They weren’t always so hard to find, those beautiful big claret colored mayflies, but the past few seasons I simply have seen very few. Under normal conditions, they are not overly obvious despite their size, typically a size 10 in June and size 12 come September.
You see, the Isonychia bicolor isn’t prone to showy hatches and long surface drifts through placid pools. The book on them says they prefer to crawl out of the water on a rock and hatch in the air. You can find their spent nymphal shucks on the rocks if you look for them, long and slender with a white stripe down the back. That racing stripe gives anglers another clue, for those nymphs are fast swimmers!

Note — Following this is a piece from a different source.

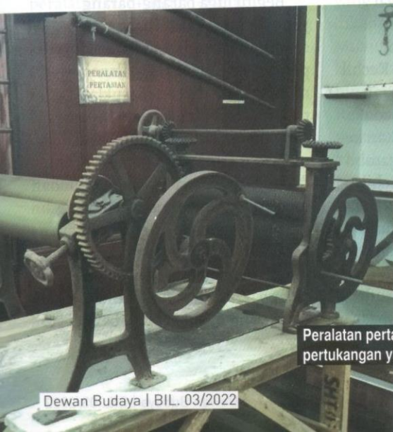
Peralatan pertanian dan pertukangan yang dipamerkan.
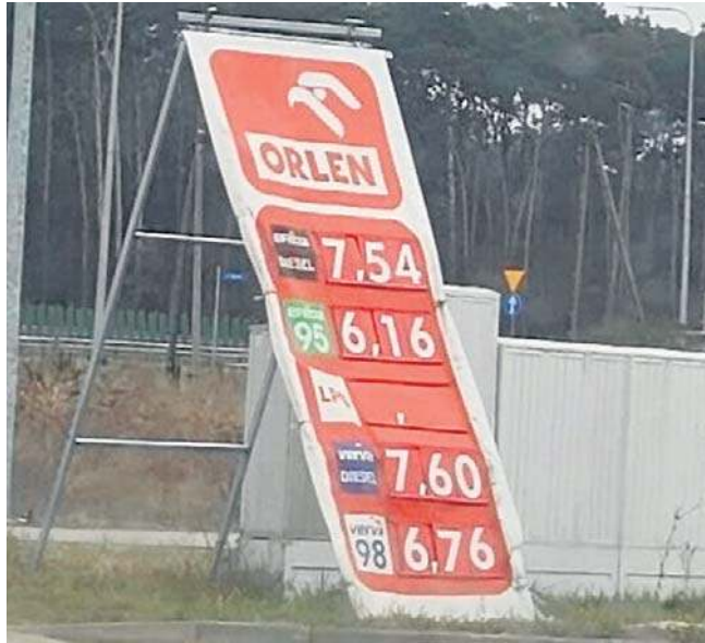
We wtorek w Pawłótku PB95 kosztowała jak na większości stacji w regionie 6,16 zł, a diesel - 7,54 zł

Sprawdziliśmy, jak wczoraj kształtowały się ceny benzyny i diesla w Kujawsko-Pomorskim.

There are times when Isos will rise to the surface, hatch and drift on top like the majority of our big Catskill mayflies, and they can be magical. I recall a day some two decades ago when they were everywhere from ten in the morning until four in the afternoon. Ah, that was something to behold!
Most of what you will read about fishing the Isonychia hatch will tell you to rig up with a wet fly, the classic pattern being the Leadwinged Coachman, and swing and twitch them through riffles and runs. That’s good advice and brings to mind the absolutely massive rainbow that erupted from the Delaware one morning with my own Leadwing fixed in his jaw. His scorching run left me breathless, and sadly fishless as the hook failed to hold. Yes, wet flies and nymphs for the swimmers, but I am a dry fly fisherman.



I fantasize about another day like the one long ago, with phalanxes of big claret duns bobbing down the surface of a run and big trout rising greedily, but generally I simply tie on an Isonychia pattern during the times they are around on Catskill rivers, otherwise known as June through October. If I am going to prospect for good trout on a cloudy day during that period, a size 10 or 12 Iso is a good bet when there isn’t any other hatch going on.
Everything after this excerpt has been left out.